Your task:
Every line between the one containing "The bar graphs" and the last line of the data, both included, is to be set down exactly, and pictures are to be omitted.

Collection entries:

- Opening Delimiter -

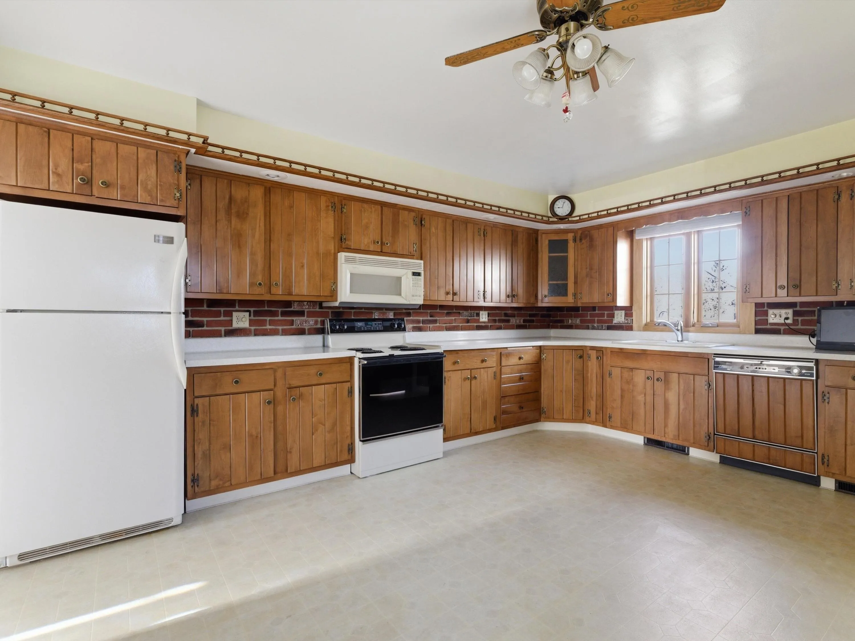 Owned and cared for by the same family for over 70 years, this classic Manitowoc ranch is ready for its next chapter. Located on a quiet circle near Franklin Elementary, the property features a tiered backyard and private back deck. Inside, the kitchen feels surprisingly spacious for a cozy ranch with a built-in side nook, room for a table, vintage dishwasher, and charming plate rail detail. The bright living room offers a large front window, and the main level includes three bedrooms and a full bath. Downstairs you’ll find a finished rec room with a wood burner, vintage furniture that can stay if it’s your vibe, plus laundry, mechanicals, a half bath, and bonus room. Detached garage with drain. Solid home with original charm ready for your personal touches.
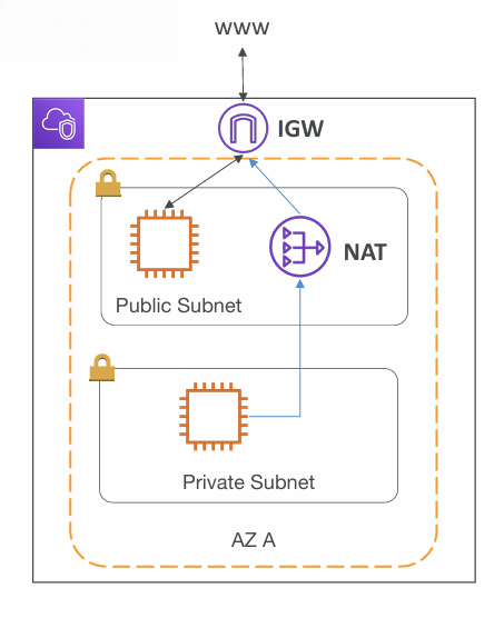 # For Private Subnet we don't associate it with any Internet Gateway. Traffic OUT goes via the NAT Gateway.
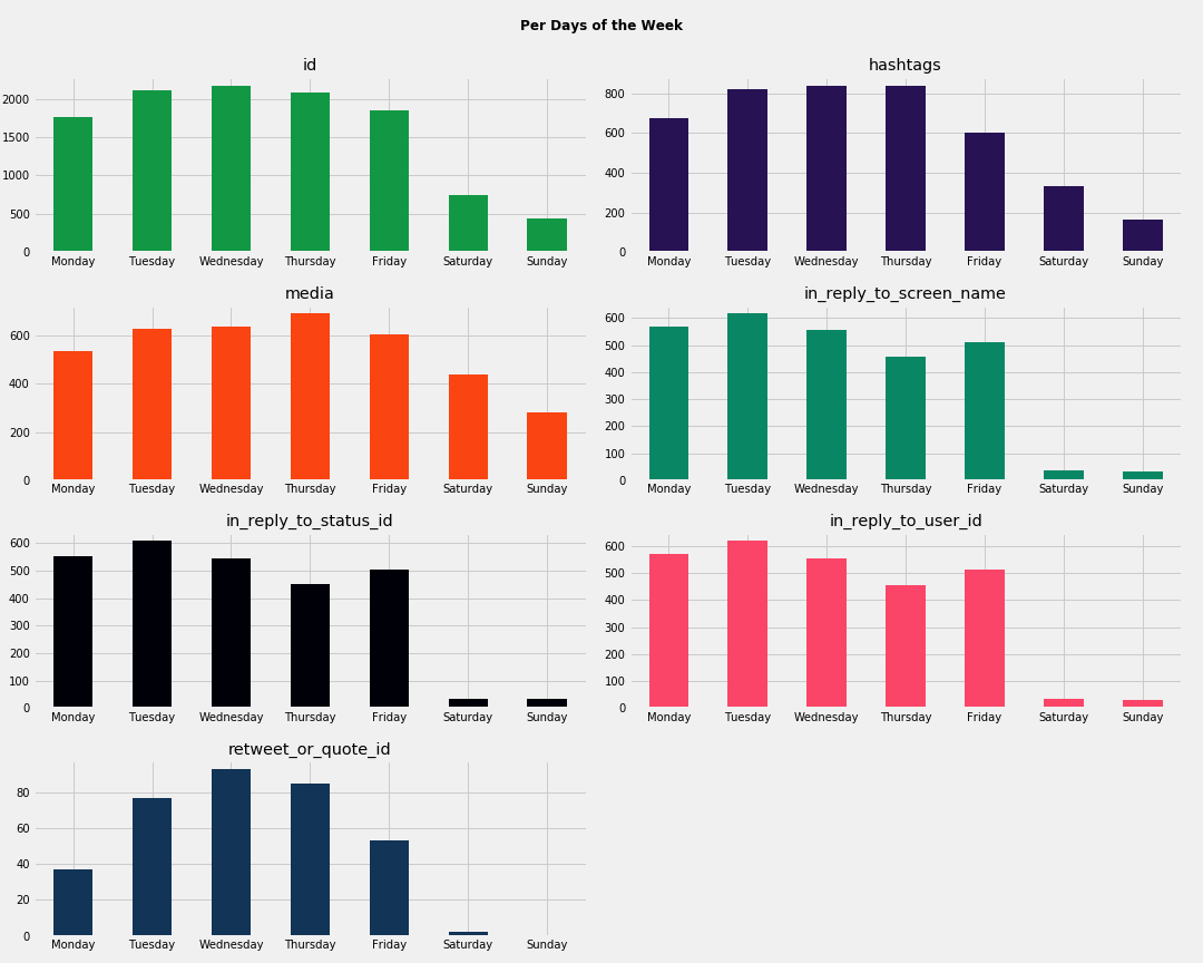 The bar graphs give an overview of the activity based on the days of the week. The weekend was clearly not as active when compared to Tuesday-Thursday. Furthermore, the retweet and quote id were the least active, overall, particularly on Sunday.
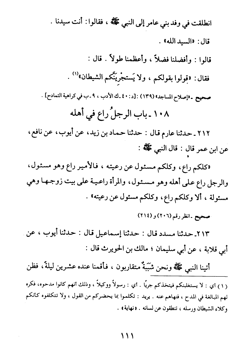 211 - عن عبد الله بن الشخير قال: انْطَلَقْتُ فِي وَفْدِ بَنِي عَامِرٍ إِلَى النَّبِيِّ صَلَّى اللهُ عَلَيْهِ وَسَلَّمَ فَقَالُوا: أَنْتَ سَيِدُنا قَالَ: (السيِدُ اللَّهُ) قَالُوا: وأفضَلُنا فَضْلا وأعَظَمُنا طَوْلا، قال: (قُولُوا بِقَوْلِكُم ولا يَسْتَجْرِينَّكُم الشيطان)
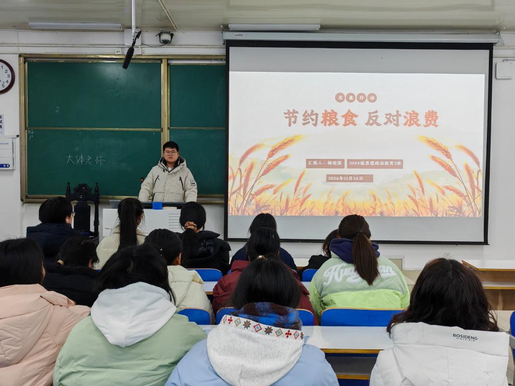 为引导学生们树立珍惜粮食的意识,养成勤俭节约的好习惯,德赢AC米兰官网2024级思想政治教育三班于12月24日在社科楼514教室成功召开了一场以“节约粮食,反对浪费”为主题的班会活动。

- Closing Delimiter -

Exercise output:
 The bar graphs give an overview of the activity based on the days of the week. The weekend was clearly not as active when compared to Tuesday-Thursday. Furthermore, the retweet and quote id were the least active, overall, particularly on Sunday.
 211 - عن عبد الله بن الشخير قال: انْطَلَقْتُ فِي وَفْدِ بَنِي عَامِرٍ إِلَى النَّبِيِّ صَلَّى اللهُ عَلَيْهِ وَسَلَّمَ فَقَالُوا: أَنْتَ سَيِدُنا قَالَ: (السيِدُ اللَّهُ) قَالُوا: وأفضَلُنا فَضْلا وأعَظَمُنا طَوْلا، قال: (قُولُوا بِقَوْلِكُم ولا يَسْتَجْرِينَّكُم الشيطان)
 为引导学生们树立珍惜粮食的意识,养成勤俭节约的好习惯,德赢AC米兰官网2024级思想政治教育三班于12月24日在社科楼514教室成功召开了一场以“节约粮食,反对浪费”为主题的班会活动。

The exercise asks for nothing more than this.